--- Task details ---
For the listing below, return the line containing "Some of the", the line containing "Turning west at", and all lines in between, exactly as written and nothing else.

--- Dataset content ---
○ ○ ○ ○

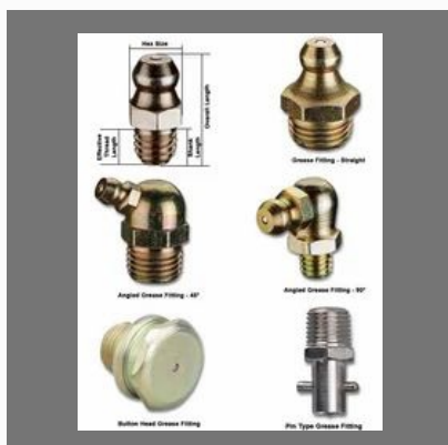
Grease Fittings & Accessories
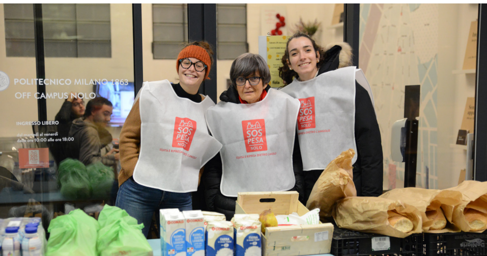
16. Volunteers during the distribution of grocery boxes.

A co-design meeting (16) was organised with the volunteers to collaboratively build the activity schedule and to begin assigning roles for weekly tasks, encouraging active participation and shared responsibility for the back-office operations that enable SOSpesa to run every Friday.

○ ○ ○ ○

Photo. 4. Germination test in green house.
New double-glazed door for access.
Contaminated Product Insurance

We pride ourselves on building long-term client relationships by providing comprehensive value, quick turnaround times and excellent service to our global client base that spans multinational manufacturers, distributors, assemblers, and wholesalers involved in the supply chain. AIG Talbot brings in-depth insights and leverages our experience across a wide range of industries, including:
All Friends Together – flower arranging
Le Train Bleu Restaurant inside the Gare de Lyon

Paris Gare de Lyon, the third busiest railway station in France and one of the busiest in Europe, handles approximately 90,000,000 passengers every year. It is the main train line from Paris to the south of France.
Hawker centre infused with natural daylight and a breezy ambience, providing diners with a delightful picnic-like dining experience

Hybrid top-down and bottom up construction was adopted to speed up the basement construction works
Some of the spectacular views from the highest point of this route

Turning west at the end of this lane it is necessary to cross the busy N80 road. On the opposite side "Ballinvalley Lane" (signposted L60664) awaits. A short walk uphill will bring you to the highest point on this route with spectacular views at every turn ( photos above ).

○ ○ ○ ○

--- Output below ---
Some of the spectacular views from the highest point of this route

Turning west at the end of this lane it is necessary to cross the busy N80 road. On the opposite side "Ballinvalley Lane" (signposted L60664) awaits. A short walk uphill will bring you to the highest point on this route with spectacular views at every turn ( photos above ).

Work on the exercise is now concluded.